The problem
Exactly reproduce the lines of the listing below from the one containing "本次活动以《最新宏观经济形势" through the one containing "Ma spécialité en". Skip the images.
*** Task material Section Begins ***
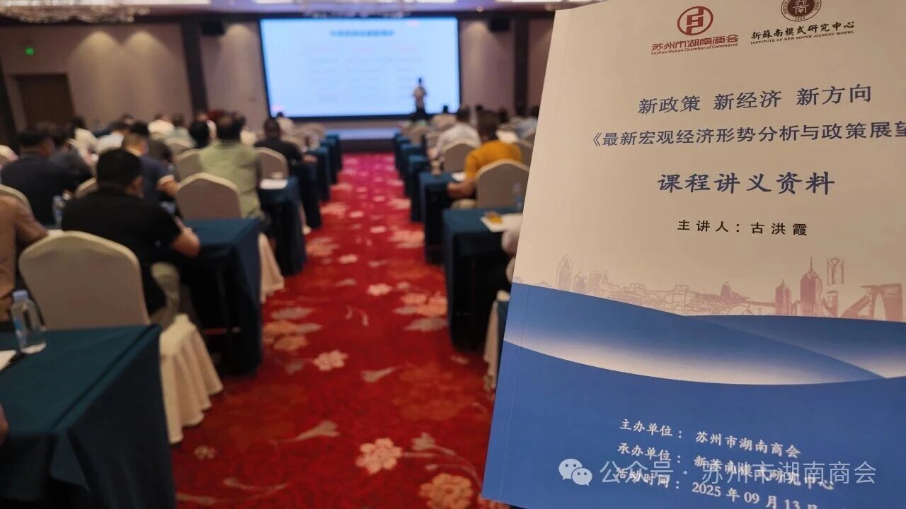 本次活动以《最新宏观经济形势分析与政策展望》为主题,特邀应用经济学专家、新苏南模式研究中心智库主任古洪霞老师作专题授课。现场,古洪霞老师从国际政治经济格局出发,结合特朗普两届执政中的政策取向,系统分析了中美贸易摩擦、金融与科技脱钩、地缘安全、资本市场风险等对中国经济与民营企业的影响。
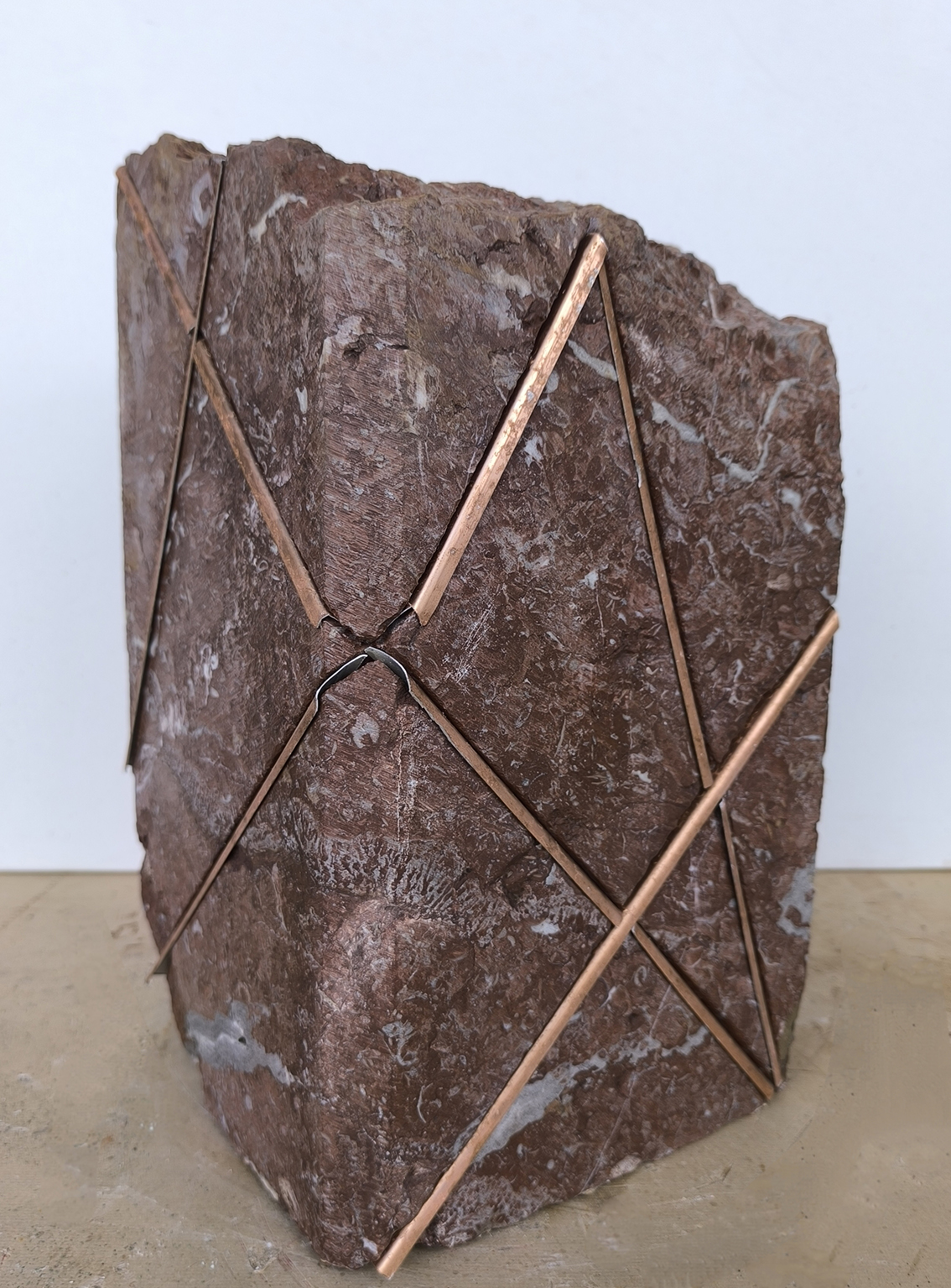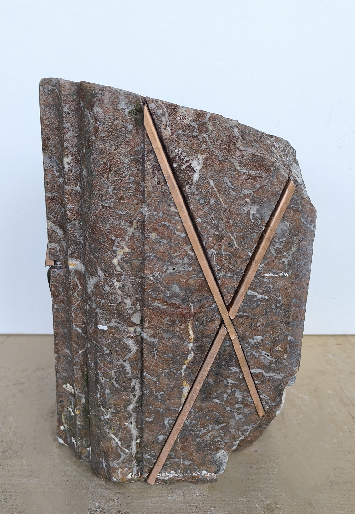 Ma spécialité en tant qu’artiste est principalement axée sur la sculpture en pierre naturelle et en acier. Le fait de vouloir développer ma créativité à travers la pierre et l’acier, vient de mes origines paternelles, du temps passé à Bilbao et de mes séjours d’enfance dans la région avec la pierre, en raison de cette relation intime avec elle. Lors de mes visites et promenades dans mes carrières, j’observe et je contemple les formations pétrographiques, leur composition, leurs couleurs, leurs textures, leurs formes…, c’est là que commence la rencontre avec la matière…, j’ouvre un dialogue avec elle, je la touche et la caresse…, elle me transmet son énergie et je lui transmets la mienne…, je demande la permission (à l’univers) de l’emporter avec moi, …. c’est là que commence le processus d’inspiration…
*** Task material Section Ends ***
*** Task material Section Begins ***
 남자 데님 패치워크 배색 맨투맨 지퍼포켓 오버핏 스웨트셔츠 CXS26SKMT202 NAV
*** Task material Section Ends ***
Solved exercise
 本次活动以《最新宏观经济形势分析与政策展望》为主题,特邀应用经济学专家、新苏南模式研究中心智库主任古洪霞老师作专题授课。现场,古洪霞老师从国际政治经济格局出发,结合特朗普两届执政中的政策取向,系统分析了中美贸易摩擦、金融与科技脱钩、地缘安全、资本市场风险等对中国经济与民营企业的影响。
 Ma spécialité en tant qu’artiste est principalement axée sur la sculpture en pierre naturelle et en acier. Le fait de vouloir développer ma créativité à travers la pierre et l’acier, vient de mes origines paternelles, du temps passé à Bilbao et de mes séjours d’enfance dans la région avec la pierre, en raison de cette relation intime avec elle. Lors de mes visites et promenades dans mes carrières, j’observe et je contemple les formations pétrographiques, leur composition, leurs couleurs, leurs textures, leurs formes…, c’est là que commence la rencontre avec la matière…, j’ouvre un dialogue avec elle, je la touche et la caresse…, elle me transmet son énergie et je lui transmets la mienne…, je demande la permission (à l’univers) de l’emporter avec moi, …. c’est là que commence le processus d’inspiration…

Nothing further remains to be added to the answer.